Wet van 28 november 2002 tot wijziging van de Wet op de expertisecentra, de Wet op het primair onderwijs en de Wet op het voortgezet onderwijs in verband met de invoering van een leerlinggebonden financiering en de vorming van regionale expertisecentra (regeling leerlinggebonden financiering)

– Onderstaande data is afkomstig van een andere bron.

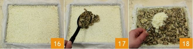 Once you have covered the whole bottom 16, create a layer of mushrooms 17, then another layer of rice 18, so that the result is two layers with the mushroom filling.
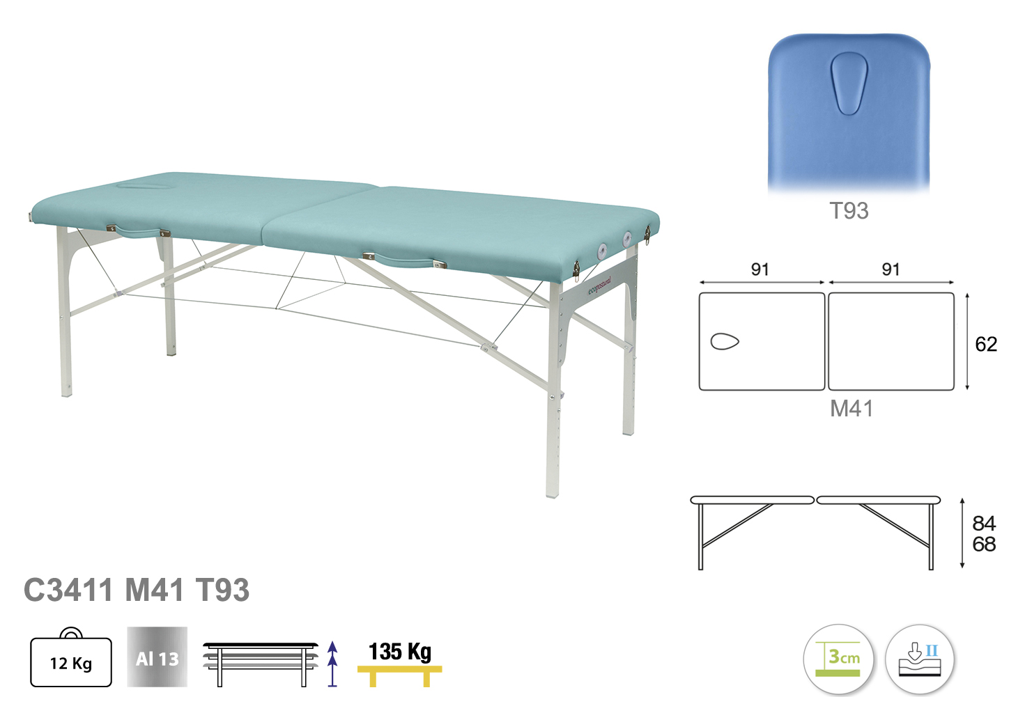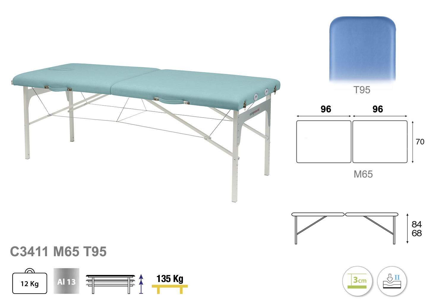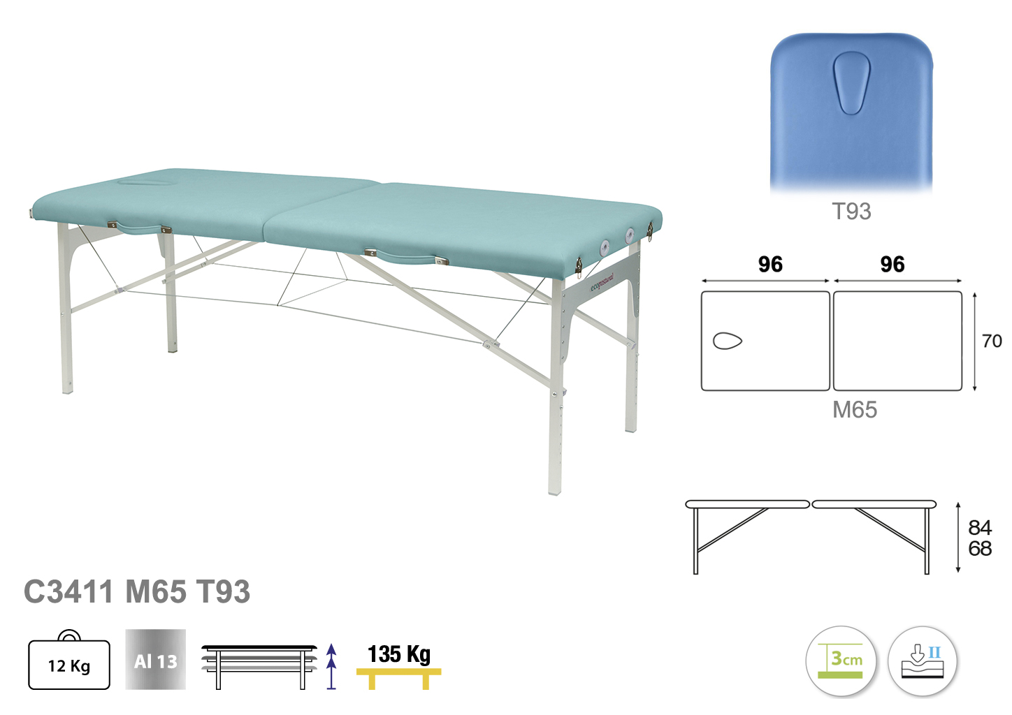 Camilla ecopostural plegable de dos cuerpos con estructura de aluminio. Anchos disponibles: 62 cm y 70 cm. Largos disponibles: 182 cm y 192 cm. Altura regulable entre 68 y 84 cm. Disponible con o sin tapón facial. Posee una firmeza media con espuma de 3 cm de grosor.

Wijzigingswet Wet op de expertisecentra, enz. (invoering regeling leerlinggebonden financiering)

Wij Beatrix, bij de gratie Gods, Koningin der Nederlanden, Prinses van Oranje-Nassau, enz. enz. enz.
Allen, die deze zullen zien of horen lezen, saluut! doen te weten:
Alzo Wij in overweging genomen hebben, dat het wenselijk is voor leerlingen met een handicap een leerlinggebonden financiering in te voeren en regionale expertisecentra te vormen en dat het in verband daarmee gewenst is een aantal wijzigingen aan te brengen in de Wet op de expertisecentra, de Wet op het primair onderwijs en de Wet op het voortgezet onderwijs;

Zo is het, dat Wij, de Raad van State gehoord, en met gemeen overleg der Staten-Generaal, hebben goedgevonden en verstaan, gelijk Wij goedvinden en verstaan bij deze:

Artikel

I

Wijzigt de Wet op de expertisecentra.

Artikel

II

Wijzigt de Wet op het primair onderwijs.

Artikel

III

Wijzigt de Wet op het voortgezet onderwijs..

Artikel

IV

Overgangsbepaling regulier onderwijs

Vervallen

Artikel

V

Overgangsbepaling leerlingen (voortgezet) speciaal onderwijs

Vervallen

Artikel

VI

Programma's van eisen

Vervallen

Artikel

VII

Expertisebekostiging voor bestaande scholen voor meervoudig gehandicapten

Vervallen

Artikel

VIII

Omzetting afdelingen voor zeer moeilijk lerende kinderen

Vervallen

Artikel

IX

Overgangsbepaling indicatiestelling

Vervallen

Artikel

X

Formatiegarantie

Vervallen

Artikel

XI

Overgangsbepaling aanvraag formatie t.b.v. leerlingen residentiële instellingen, nevenvestigingen en verbrede toelating

Vervallen

Artikel

XII

Adviescommissie toelating en begeleiding

Vervallen

Artikel

XIII

Verplicht advies

Vervallen

Artikel

XIV

Experiment Almere

Vervallen

Artikel

XV

Overgangsbepaling

Vervallen

Artikel

XVI

Inwerkingtreding

De artikelen van deze wet treden in werking op een bij koninklijk besluit te bepalen tijdstip, dat voor de verschillende artikelen, onderdelen daarvan of leden van artikelen, bedoeld in onderdelen, verschillend kan worden vastgesteld.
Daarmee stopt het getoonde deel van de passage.